Explain Codes LogoExplain Codes Logo

Sql query to find record with ID not in another table

sql
join
performance
best-practices
Nikita BarsukovbyNikita Barsukov·Oct 3, 2024
TLDR

Identify records in Table1 but absent in Table2 using the LEFT JOIN method or the NOT EXISTS query.

LEFT JOIN (often cherished for its readability):

-- I'm opposite of a stage magician. I love when things disappear. So let's vanish those IDs found in the second table. SELECT t1.* FROM Table1 t1 LEFT JOIN Table2 t2 ON t1.ID = t2.ID WHERE t2.ID IS NULL;

NOT EXISTS (a precise subquery way):

-- Checking for non-existent things. Sometimes feels like looking for my motivation to exercise. SELECT * FROM Table1 t1 WHERE NOT EXISTS ( SELECT 1 FROM Table2 t2 WHERE t2.ID = t1.ID );

Tailor your choice based on your coding style and performance demands; both methods yield identical results—a catalog of Table1 IDs missing in Table2.
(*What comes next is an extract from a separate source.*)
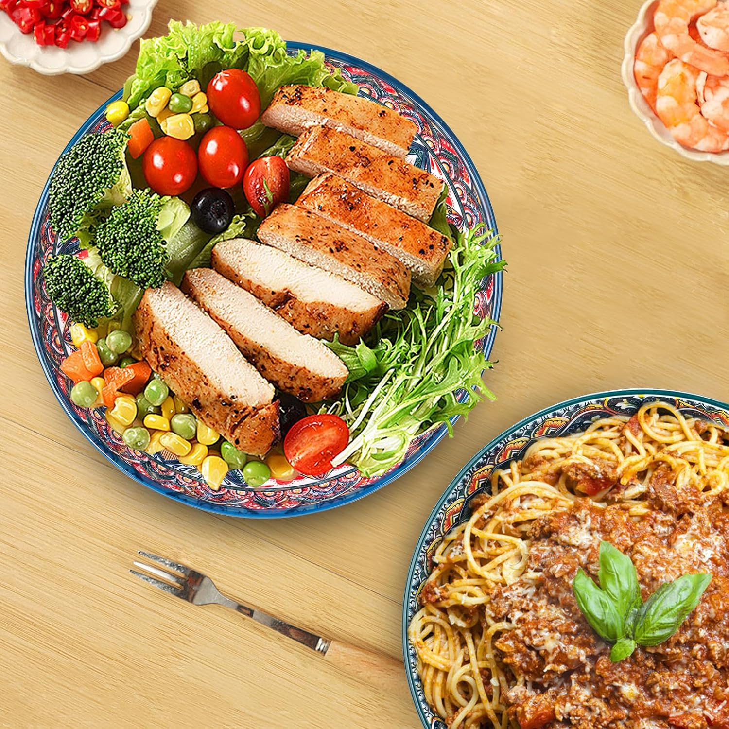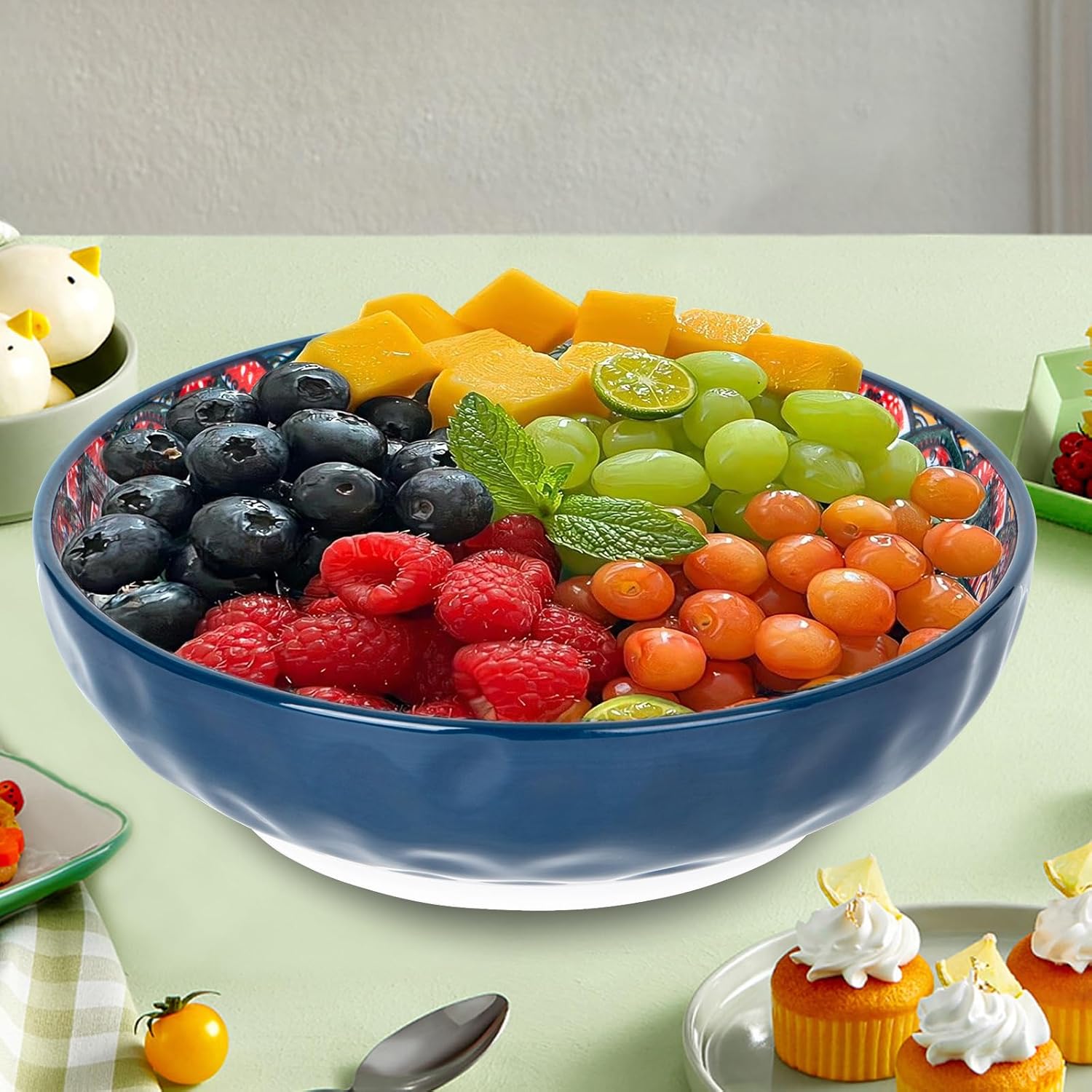 75 Oz Serving Bowls,Bohemian Style Large Porcelain Dishes for Entertaining Parties,Big Bowls for Eating Soup, Salad, Pasta, Fruit, Chips, 10.3 Inch Diameter (blue.green)

Dive into alternatives and their idiosyncrasies

When dealing with substantial datasets or complex requests, understanding the nuances of different approaches can be a tremendous resource saver.

NOT IN is another prevalent method, but it has its eccentricities:

-- List of all my friends who are astronauts, celebrities, and lottery winners. SELECT ID, Name FROM Table1 WHERE ID NOT IN (SELECT ID FROM Table2);

Yet, NOT IN can misbehave if the subquery returns NULL values, potentially turning your result set into a ghost town.

Consider EXCEPT keyword:

-- An EXCEPTionally good way to find out how much fun others are having without me. SELECT ID FROM Table1 EXCEPT SELECT ID FROM Table2;

The EXCEPT clause pits the results of two queries against each other and brings back distinct values from the first query that weren't output by the second. However, it's wise to check its compatibility with your RDBMS and compare its performance traits with JOIN operations.

Gear up for better performance

Keep an eagle eye on execution plans for different methods to whip your query performance into shape. RDBMS-specific attributes can often come to the rescue providing significant speed boosts. For PostgreSQL users, NOT EXISTS can often sprint faster than NOT IN, especially when the subquery result could include NULLs or the datasets are chunky. Replacing EXCEPT with a join operation can sometimes get you that much-needed performance gain.

-- I like my queries how I like my race cars: Fast and efficient! SELECT * FROM Table1 t1 WHERE NOT EXISTS ( SELECT TOP 1 NULL FROM Table2 t2 WHERE t2.ID = t1.ID );

The SELECT TOP 1 NULL in the subquery often speeds up the NOT EXISTS check by signaling the query optimizer to hit the brakes as soon as it finds a match.

Practical use cases

By exploring practical scenarios where these SQL patterns come in handy, we can grasp their versatility:

Hunting down elusive customers

In a customer-orders dataset, find customers who haven't placed an order:

-- Operation 'Find Ghost Customers' – Initiated! SELECT CustomerID, CustomerName FROM Customers c WHERE NOT EXISTS ( SELECT 1 FROM Orders o WHERE o.CustomerID = c.CustomerID );

Syncing across systems

During data syncing, like that between a CRM and a mailing list, find records in the CRM that haven't made it to the mailing list yet:

-- Fasten your seatbelts! We're syncing. SELECT CRM_ID FROM CRM_Contacts LEFT JOIN MailingList ON CRM_Contacts.CRM_ID = MailingList.ContactID WHERE MailingList.ContactID IS NULL;

Cleaning up orphan records

Maintain database integrity by identifying orphaned records without a corresponding foreign key reference:

-- Orphanage for Lost Records SELECT * FROM ChildTable WHERE NOT EXISTS ( SELECT 1 FROM ParentTable WHERE ParentTable.ID = ChildTable.ParentID );

Differential queries are sensitive to NULLs and data distribution—factors you must navigate with care:

NULL handling

NULL values can play spoilsport making NOT IN churn out unexpected outcomes. The NOT EXISTS and LEFT JOIN...IS NULL techniques sidestep this issue, making them mission-critical choices.

Data distribution

The size and spread of data can dramatically dictate the query's performance—keeping an eye on indexes, cardinality, and possible duplicate IDs empowers you to make informed choices.